AI-Augmented Development
- Daily, production-grade use of Claude Code, Cursor, or Codex. Understands CLAUDE.md / AGENTS.md, project memory files, slash commands, subagents, hooks, MCP servers, and plan-vs-execute workflows.
- Deliberate token and context management: knows when to use Haiku vs Sonnet vs Opus (and equivalents on other providers), uses prompt caching, batches work, prunes context aggressively.

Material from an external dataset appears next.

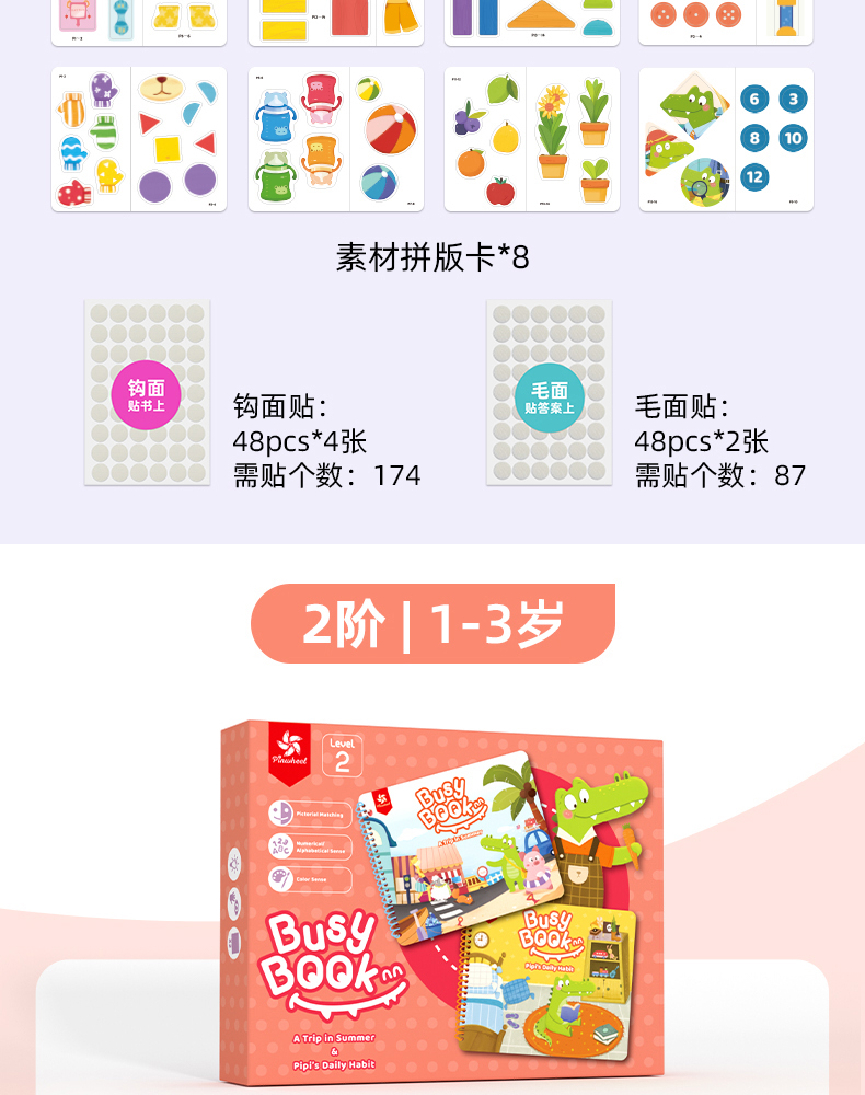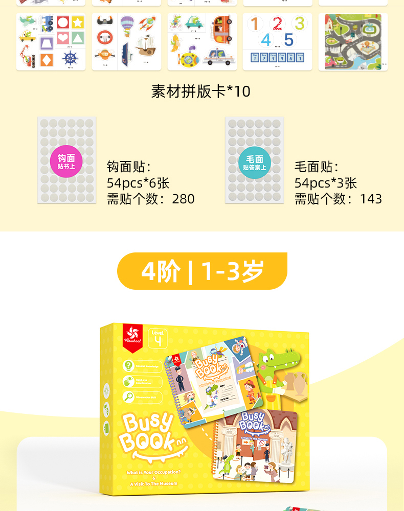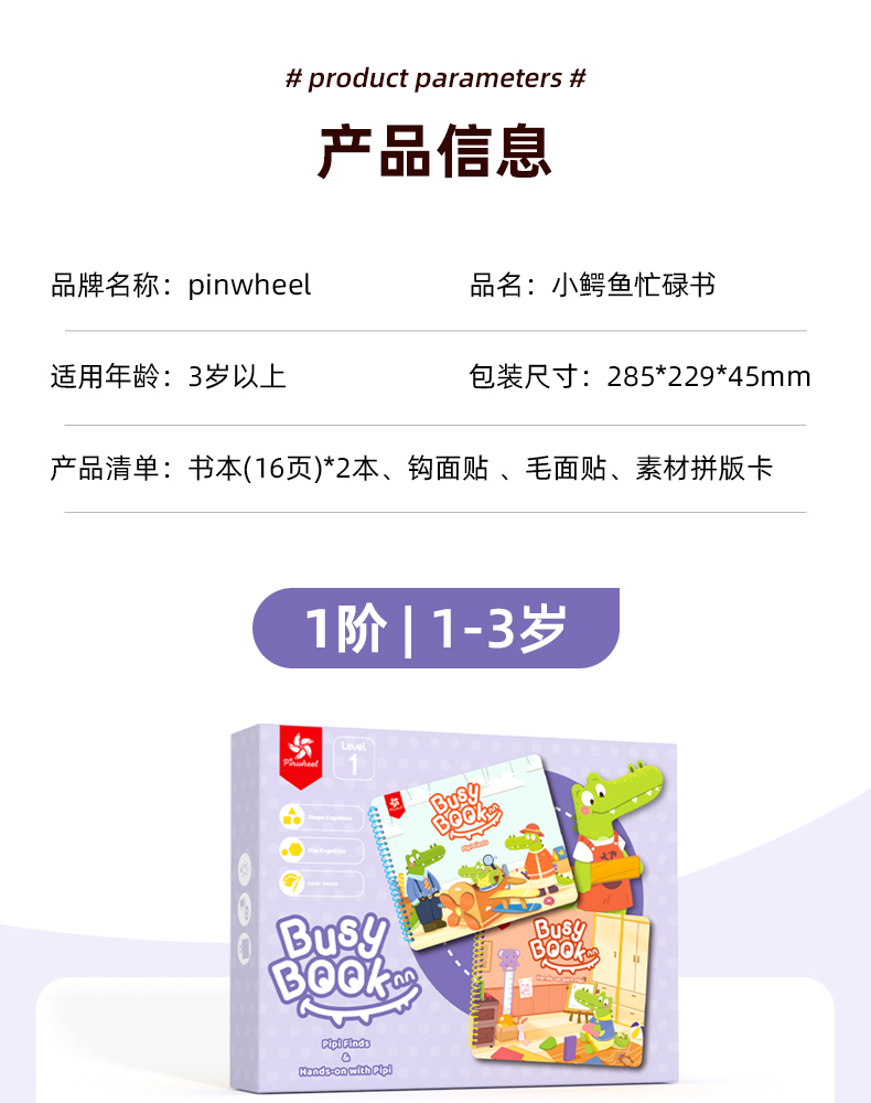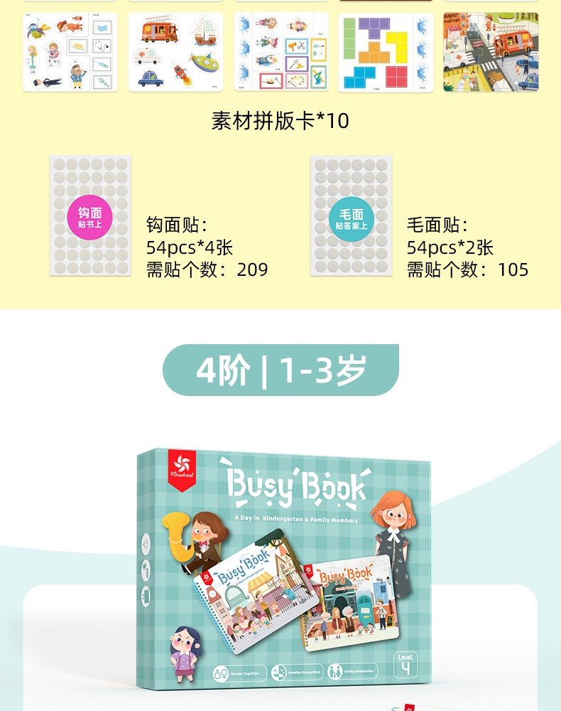 忙碌书1阶【动手实践+找一找丨建议1.5岁+】 忙碌书2阶【夏日之旅+生活习惯丨建议2岁+】 忙碌书3阶【小鳄鱼的一天+交通工具丨建议2.5岁+】 忙碌书4阶【你的职业是什么+博物馆丨建议3岁+】 忙碌书4阶-【幼儿园的一天+家庭成员丨建议3岁+】 忙碌书5阶【运动会+去超市丨建议3.5岁+】 忙碌书6阶【医院体检+游乐园丨建议4岁+】 忙碌书7阶【遨游太空+环球旅行丨建议4.5岁+】 忙碌书【1+2阶段丨建议1.5-2岁+】 忙碌书【2+3阶段丨建议2-2.5岁+】 忙碌书【3+4阶段丨建议2.5-3岁+】 忙碌书【4+5阶段丨建议3-3.5岁+】 忙碌书【5+6阶段丨建议3.5-4岁+】 忙碌书【6+7阶段丨建议4-4.5岁+】 忙碌书【1到7阶段丨建议1.5-4.5岁+】
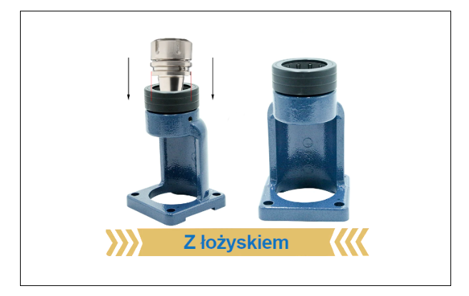 - Uchwyt posiada łożysko wałeczkowe, które stabilizuje oprawkę, zapobiegając jej obrotowi w obie strony.

- Disciplined review of AI-generated code, with tests and evals — never ships unread output.
Full-Stack Engineering
- Backend: Python (FastAPI / Flask) and/or Node.js (TypeScript). Solid grasp of async patterns, streaming responses (SSE / WebSockets/ API).
- Frontend: React, Next.js, TypeScript, Tailwind CSS. Comfortable building streaming chat UIs and agentic interfaces.
- Databases: PostgreSQL, Redis, at least one vector DB. Familiar with schema design, indexing, and query optimization.
Non-Functional Engineering
- Latency: streaming, parallel tool calls, model routing, semantic caching, request batching.
- Cost: token accounting, model tiering (cheap-first), prompt caching, context compression, batch APIs.
- Security: prompt injection defense, output filtering, PII redaction, OWASP LLM Top 10, secrets management, least-privilege IAM.
- Reliability: retries, fallbacks across providers, rate limiting, queue-based decoupling, structured error handling.
Good to Have
- Anthropic Claude Code certification or Anthropic skill-based credentials.
- NVIDIA Generative AI / LLM certifications, DeepLearning.AI Specializations (LangChain, RAG, Agentic AI), or Hugging Face certifications.
- Experience with MCP (Model Context Protocol) — building or consuming MCP servers.
- Experience with GraphRAG, knowledge graphs (Neo4j), or hybrid symbolic/neural systems.
- On-device or edge inference (Ollama, llama.cpp, ONNX, TensorRT).
- Production deployments on AWS (Bedrock, SageMaker, Lambda, ECS/EKS, S3, IAM) and/or GCP (Vertex AI, Cloud Run, GKE).
- Docker, Kubernetes, CI/CD (GitHub Actions or GitLab CI), and IaC (Terraform or Pulumi).
- LLM observability and tracing: LangSmith, Langfuse, Weights & Biases, Arize, or equivalent. Evaluation harnesses in CI.